As Su Friedrich would tell me later, “Nobody really quits being a Lesbian Avenger.” It’s a habit. An autonomic function. And our first readers came from an e-mail list of activists we knew. But I also submitted articles to search engines and sites here and there that did roundups of news. It felt like dropping pamphlets from a plane. Or panning for gold. Every now and then we’d hit pay dirt when Yahoo News or
Mother Jones
online listed an article, sandwiching it between tidbits from the
Christian Science Monitor
or the
Miami Herald.
We’d suddenly get hundreds or thousands of hits, and I’d do a little butt-wagging happy dance, even if half sent hate mail, especially about the Cuban stuff. And because it wasn’t only paper and ink that were gone, but the traditional distance, their complaints didn’t go to a secretary in an office somewhere but directly into the vile pink monster.

I’d approach it warily. Take a couple of deep breaths. Fortify myself with coffee.

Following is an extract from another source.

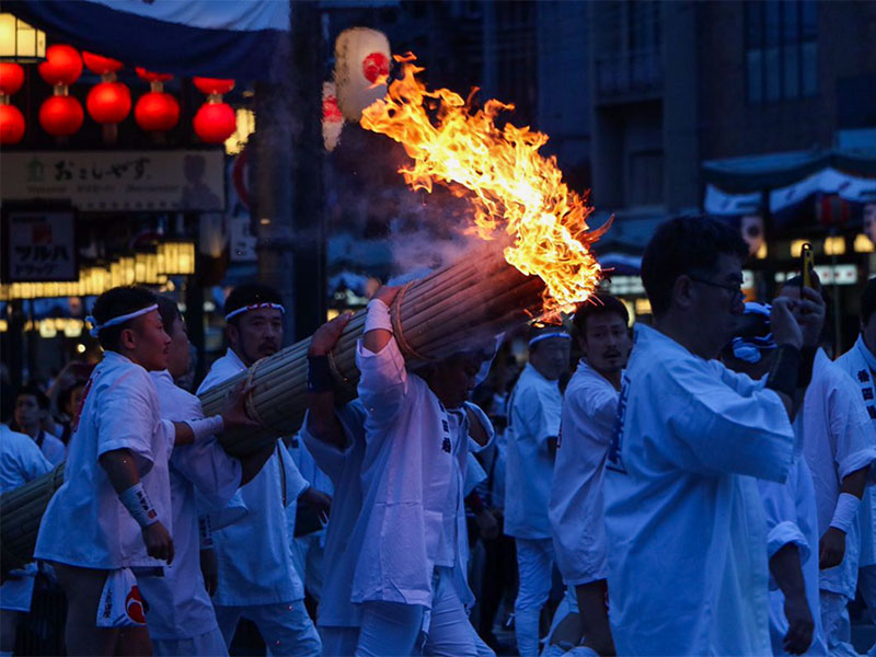 ~大松明をかつぐ男衆、裸神輿が鴨川へ!祇園祭の主役を清める火と水の祭り~
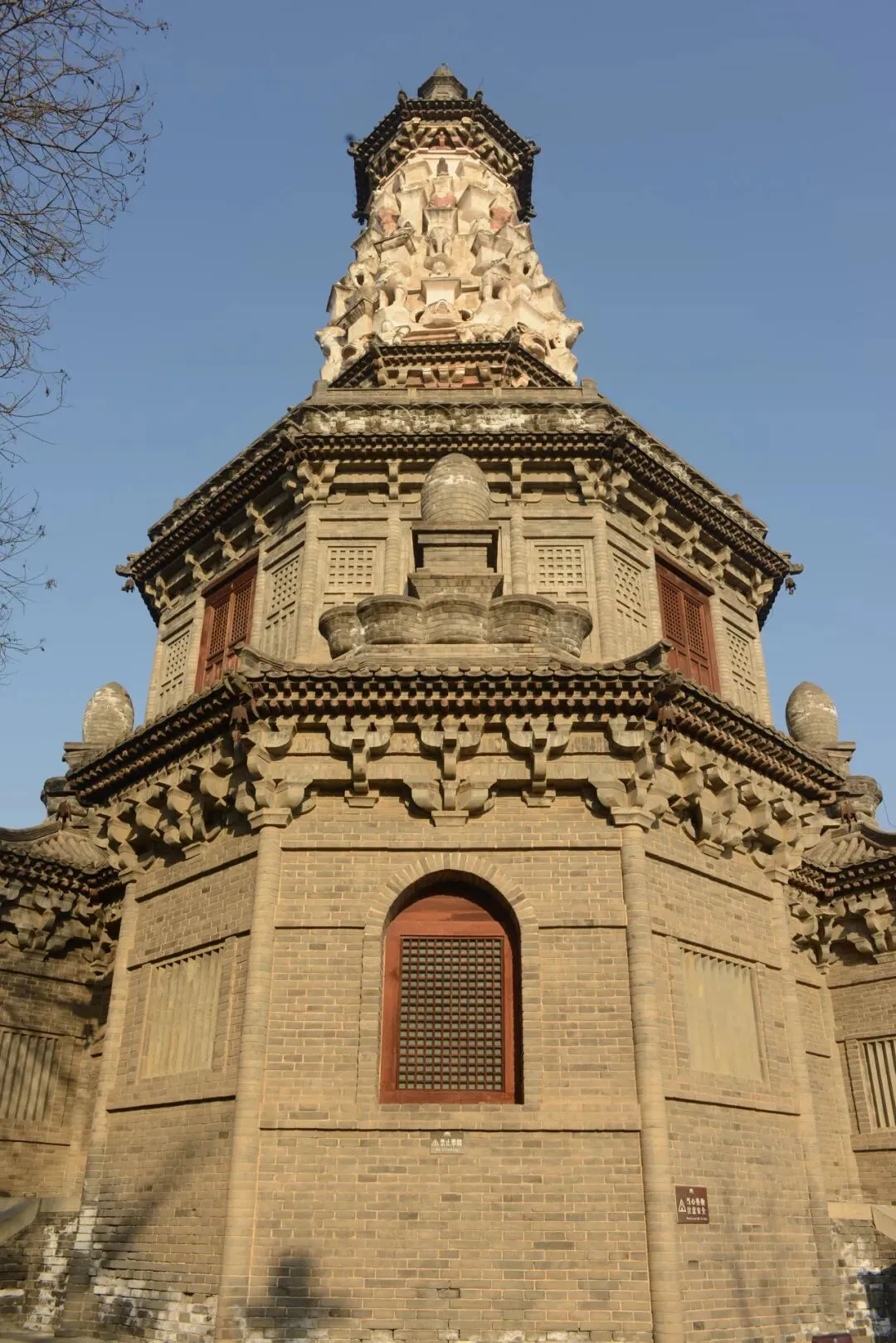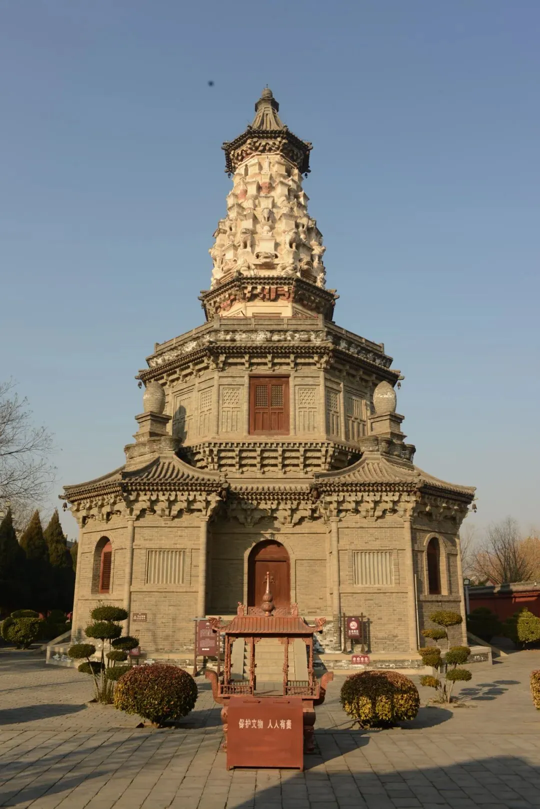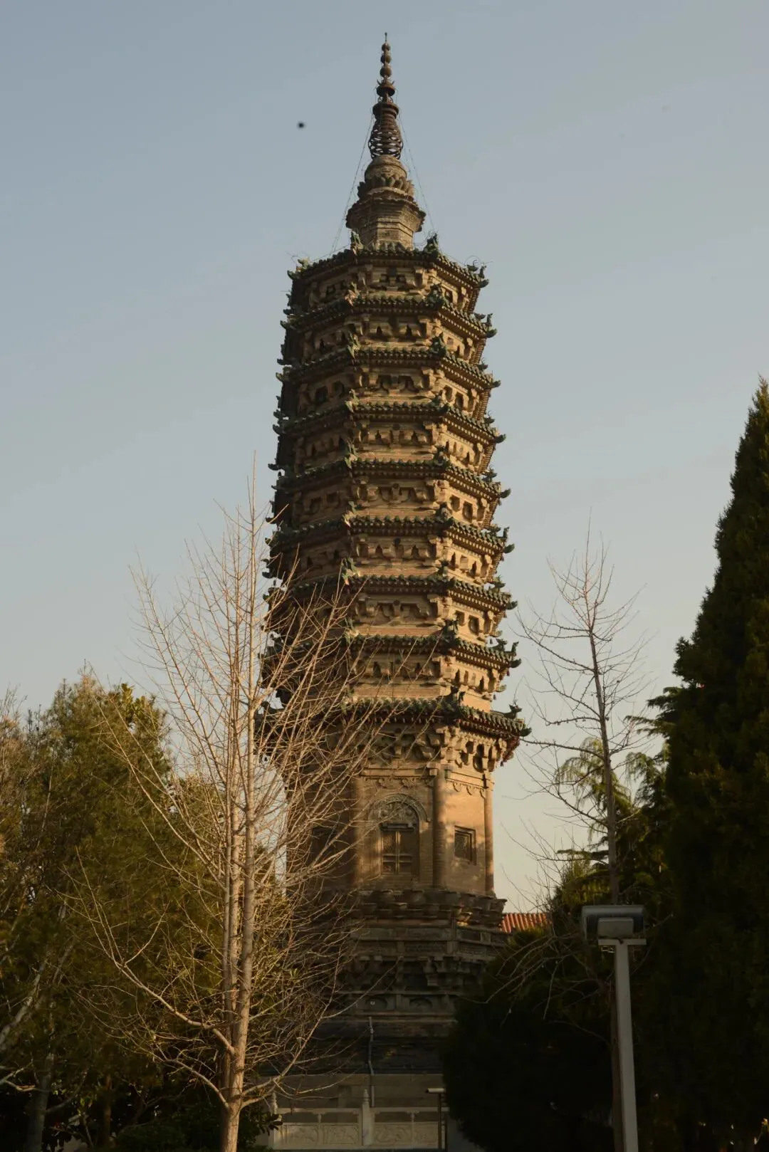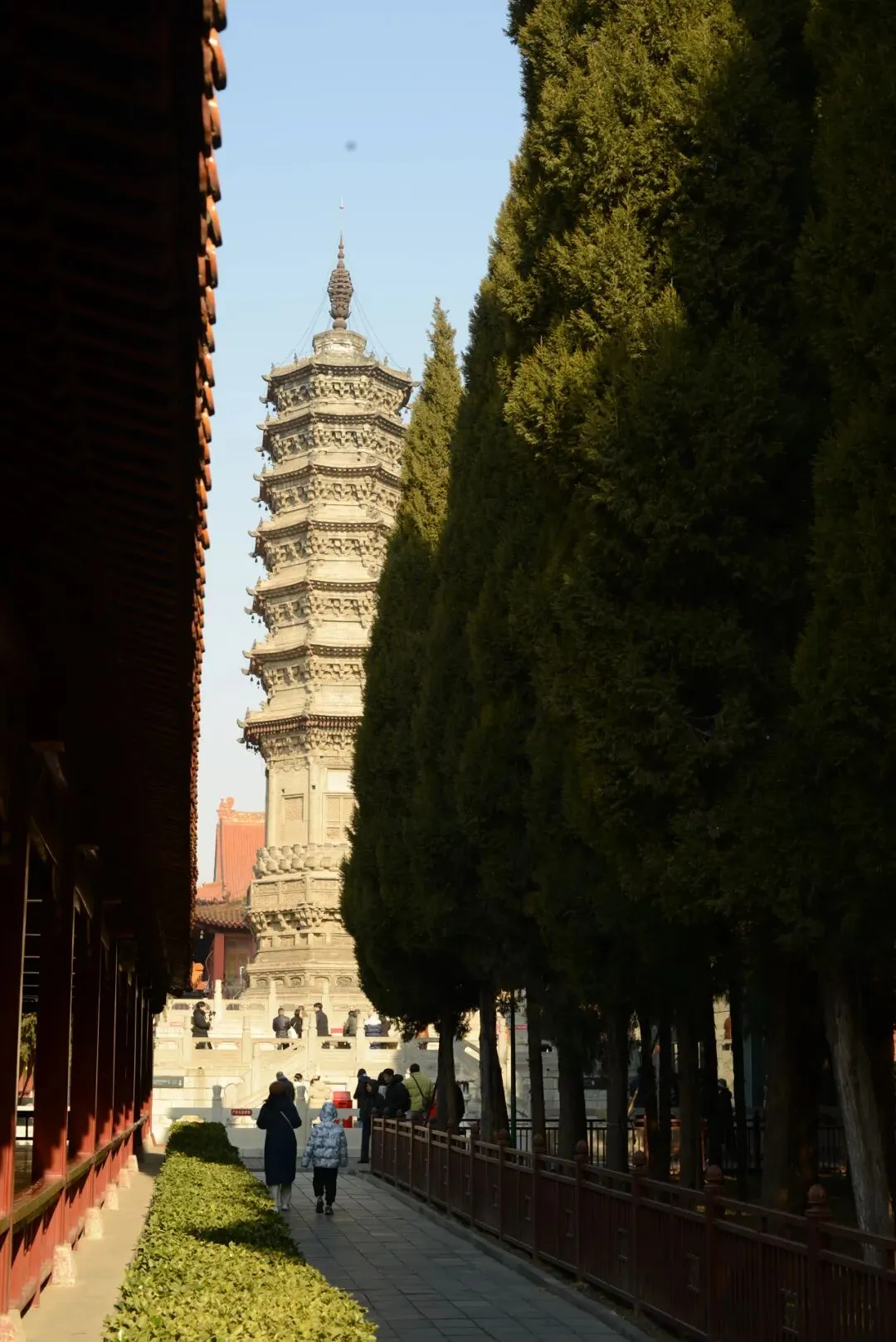 官网介绍的塔:“澄灵塔高30.47米,为八角九级砖仿木构密檐式塔,建在八角形砖砌台基上,台上为石砌基座,再上为砖砌须弥座,束腰正面镶嵌清雍正皇帝谕旨石刻,其余各面均有二壶门花饰。须弥座上是由勾栏、斗拱组成的一围平座,平座上以三层仰莲承托塔身。第一层四正面做砖雕拱形假门,四侧面饰方形假窗,正面圆形假门上端嵌“唐临济慧照澄灵塔”石匾。第二层向上,层高骤减,密檐相接,形成柔和协调的轮廓线。塔顶覆绿琉璃瓦,塔刹由仰莲、宝瓶、相轮、圆光、宝盖、仰月、宝珠等组成。”

Because checking my e-mail was like having a community board meeting for the Rainbow Curriculum suddenly appear in our apartment with all of the bigots shouting, “You Commie faggots should get your repulsive asses to Cuba if you love it so much.” “I hope you all get AIDS.” Weirdly, they’d toss in a few heartfelt pleas to understand the Cuban American community that was so easy to bash, and then start in again hating on the fucking faggots, our miserable homo flesh. I begged Ana to shut them up, come out as Cuban, play the jail card. But she refused to claim that authority. “It will mean you, as a Kentucky girl, have nothing valuable to say about Cuba. And Cubans have nothing to say about the rest of the world.” So their vomit kept pouring into my computer.

It wasn’t all bad, that closeness. When we covered Puerto Rican activists trying to get the U.S. Navy to quit bombing their island of Vieques, a gay man with a guest house a few minutes from the range got in touch and contributed a couple of stories. Ana swapped e-mails with journalists in Namibia who were trying to keep their newspaper alive, under pressure to quit writing about government abuses, which included attacks on queers. They seemed a lot like us. Modest, but determined. Flying by the seat of their pants. In 2002, a guy wrote us from Venezuela to say there was a coup going on there, largely backed by U.S. interests. Could you please cover it? With his help, we ended up publishing a story before the
New York Times.
Now, he’d be using Twitter or posting on his own blog or Facebook. But then, small as we were, it was often just us looking so far outward and welcoming people in. We made a new kind of community online, defined partly by identity and issues, but above all a certain rebellion against meanness, stupidity, and hate.

We took things personally, wrote so intimately about our new friends that many readers decided we were neighbors, and once we had the Spanish-language section going, we’d get these letters from Guatemala or Mexico wanting advice on local gay stuff. In truth, problems weren’t much different from place to place, especially when it came to queers. Time itself seemed to stick and repeat like Gertrude Stein or Mozart or mountain ranges. History, like nature, wasn’t based on arcs but fractals. When Namibia’s Sam Nujoma declared homos “un-African and unnatural,” “European,” and a national threat to independence, he was just repeating variations on a theme begun by the Cuban government of the 1960s and ’70s that used to accuse people like José Mario, like Ana, of perverting the revolution, being a foreign influence. They goaded citizens to violence, sent us fleeing in droves.